The art of not saying, or how to manipulate language to blur reality. A delicate balancing act where the goal is no longer to inform but to shape perception. With his sharp pen, Clément Viktorovitch takes us deep into the intricacies of political communication. Are we still truly communicating? Or are we merely witnessing a carefully orchestrated performance where every word is chosen not to clarify, but to steer, influence… or even mislead?
Rhetoric has always been a powerful weapon: more than a tool to explain the world, it makes it acceptable. Take a classic political speech: a stage is set for imminent disaster—soaring unemployment, rising insecurity, an all-encompassing crisis—not to offer solutions, but to instill fear. Because a fearful electorate is a pliable electorate. Add to this the “scare words”—vague yet effective terms like “the system,” “the elites,” or “benevolent management” in corporations—and you have the perfect formula for a speech that clarifies nothing but stirs emotions.

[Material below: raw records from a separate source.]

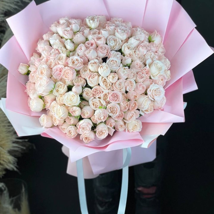 Кустовые пионовидные розы сорта «Бомбастик» отличаются крупным бутонов, нежной текстурой и бледным воздушным оттенком.
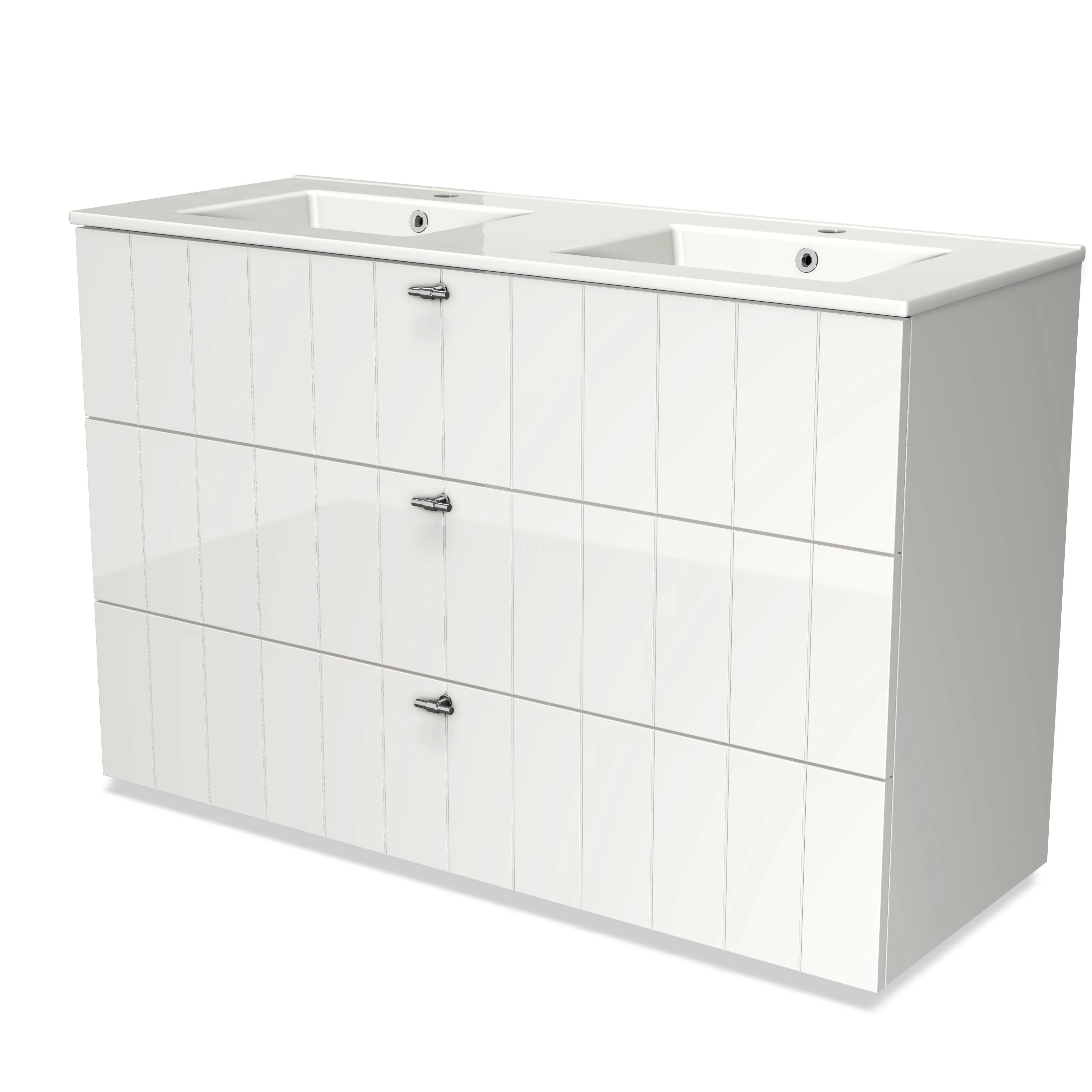 Modulo Bathroom furniture with sink | 120 cm High-gloss white Slat front Ceramic 3 drawers
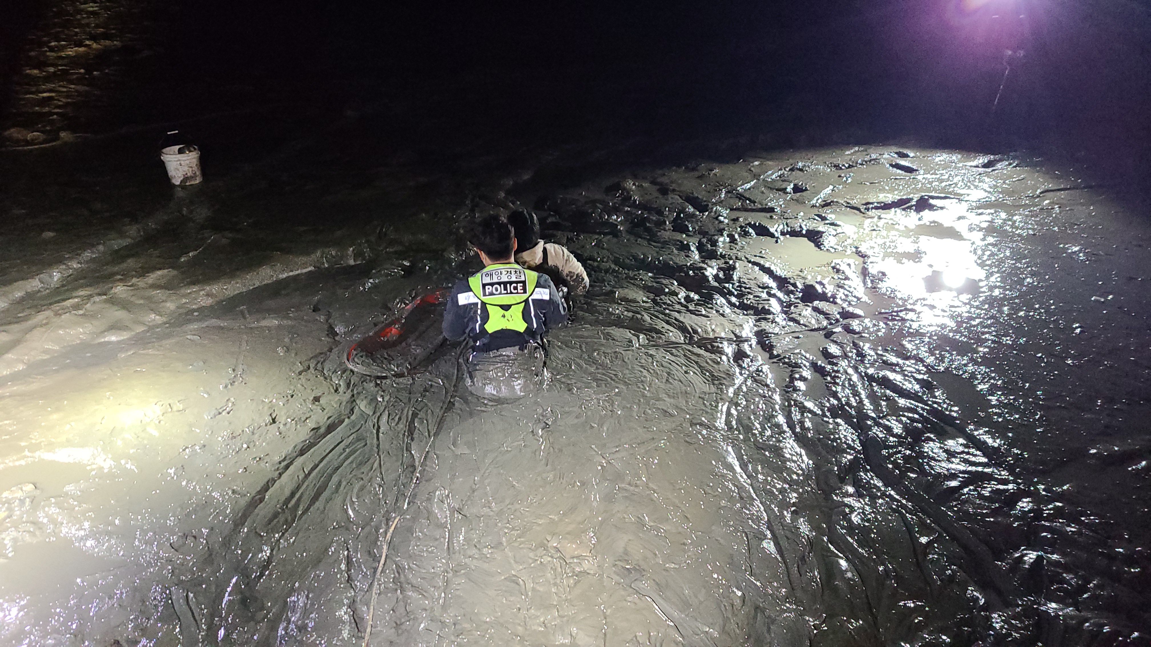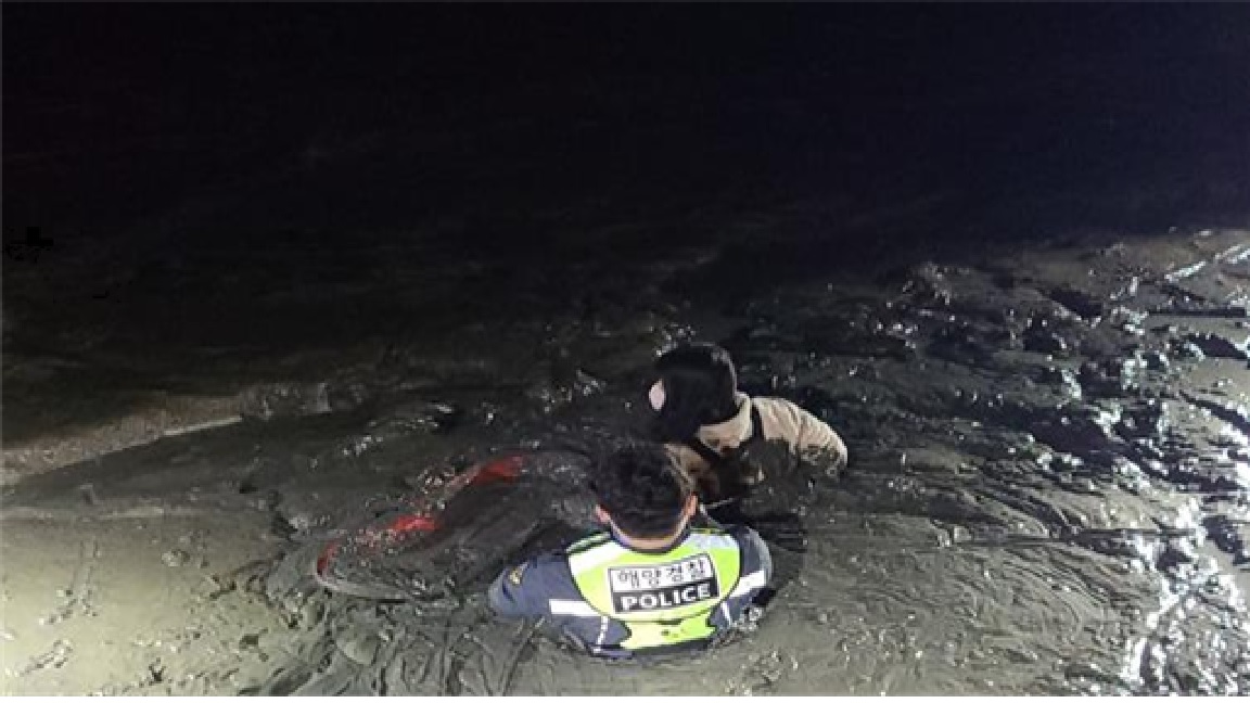야간 취약시간 때 해안가 순찰 중이던 마검포파출소 경찰관(경장김종삼 등 3명)들이 갯벌에 몸이 빠져 움직일 수 없는 관광객 5명을 발견하고, 즉시 갯벌에 들어가 갯벌고립자 구조용 갯보드(뻘배)를 이용하여 전원 안전하게 구조하였다.
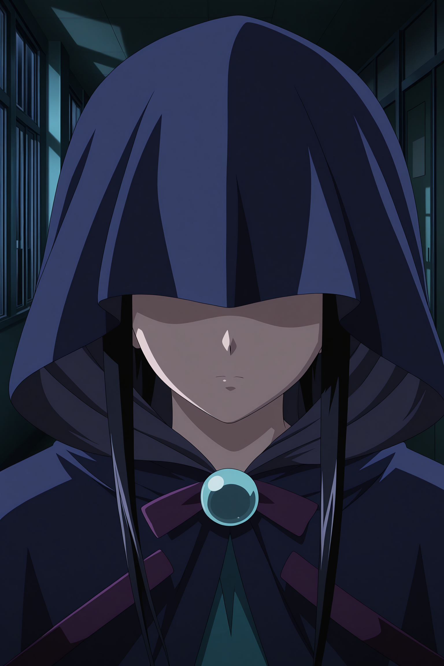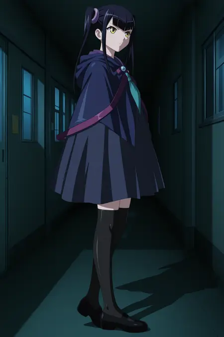 saji genpou, 长发, 黑发, 双马尾, 发饰, 侧发, V型刘海, 黄眼睛, 手镯, 蓝色斗篷, 兜帽放下, 短袖, 灰色衬衫, 白色水手领, 水蓝色围巾, 衬衫不塞进裙子里, 黑色裙子, 百褶裙, 黑色过膝袜, 黑色鞋子, Mary Jane鞋

« À force de remporter nos victoires par le vide, la politique est devenue, non plus un dialogue de sourds, mais un débat de muets. » (“By winning our battles with emptiness, politics has become not a dialogue between the deaf, but a debate between the mute.”)
This is nothing new. But today, we have entered a new era of communication: the age of post-truth, where emotion trumps facts, and where a statement, if repeated with enough conviction, becomes an alternative reality. Words no longer simply conceal reality—they invert it. This is how “anticatastases” emerge: statements that blatantly contradict reality without even attempting to disguise their inconsistency. Nowadays, the undeniable can be denied with impunity, simply by delivering falsehoods with unwavering confidence. What was once the art of not saying has now become the art of saying what isn’t.
More than just an analysis of rhetorical techniques, this book highlights the ethics of discourse and reminds us that language is not merely a tool of influence but also a space for the confrontation of ideas, where authenticity should take precedence. In a world where words no longer reflect reality but reshape it, listening, understanding, and questioning are no longer just intellectual exercises—they are acts of resistance.
An essential reflection on our relationship with reality.